Condition Intervention
Glioma
Procedure: MRS Imaging
Procedure: PET Scanning
Procedure: Diffusion Tensor Imaging

Study Type: Interventional
Study Design: Endpoint Classification: Efficacy Study
Intervention Model: Single Group Assignment
Masking: Open Label
Primary Purpose: Diagnostic
Official Title: Identification of Clinically Occult Glioma Cells and Characterization of Glioma Behavior Through Machine Learning Analysis of Advanced Imaging Technology

Resource links provided by NLM:


Further study details as provided by AHS Cancer Control Alberta:

Primary Outcome Measures:
  • image glioma patients with advanced imaging techniques to help us better characterize gliomas in the future [ Time Frame: Pretreatment, 1 month post treatment and 7 months post treatment ] [ Designated as safety issue: No ]
    Eligible patients will be given the opportunity to undergo additional diagnostic imaging.

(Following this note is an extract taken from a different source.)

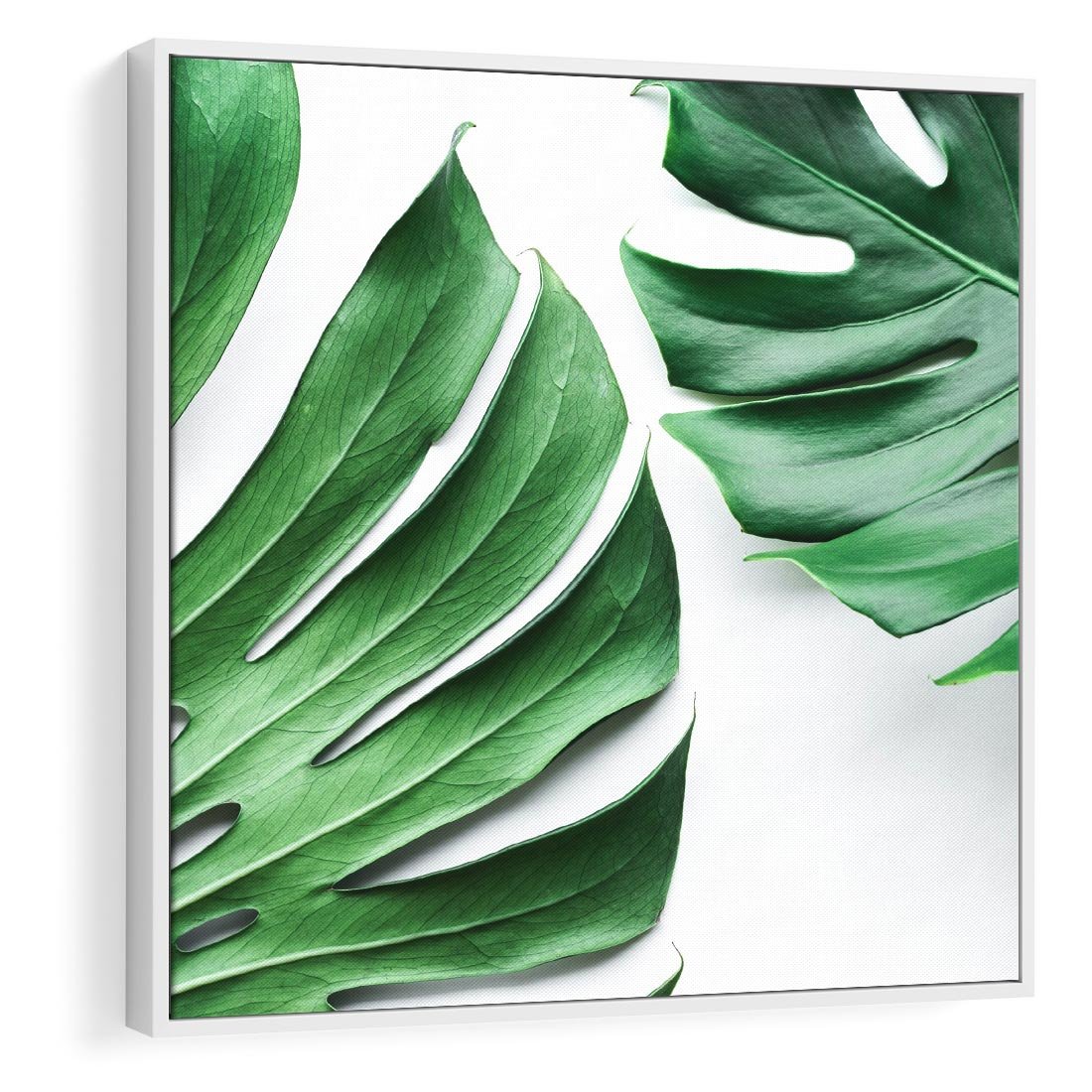Obraz w ramie 80x80 - Monstera - Liście Kwiaty - monstera, liście - rama biała

These images will be anonymized and databased. the data will be analyzed using machine learning techniques.

  • create an image-based database to allow machine learning analysis of all the clinically available data [ Time Frame: Pretreatment, 1 month post treatment and 7 months post treatment ] [ Designated as safety issue: No ]
    Eligible patients will be given the opportunity to undergo additional diagnostic imaging. These images will be anonymized and databased. the data will be analyzed using machine learning techniques.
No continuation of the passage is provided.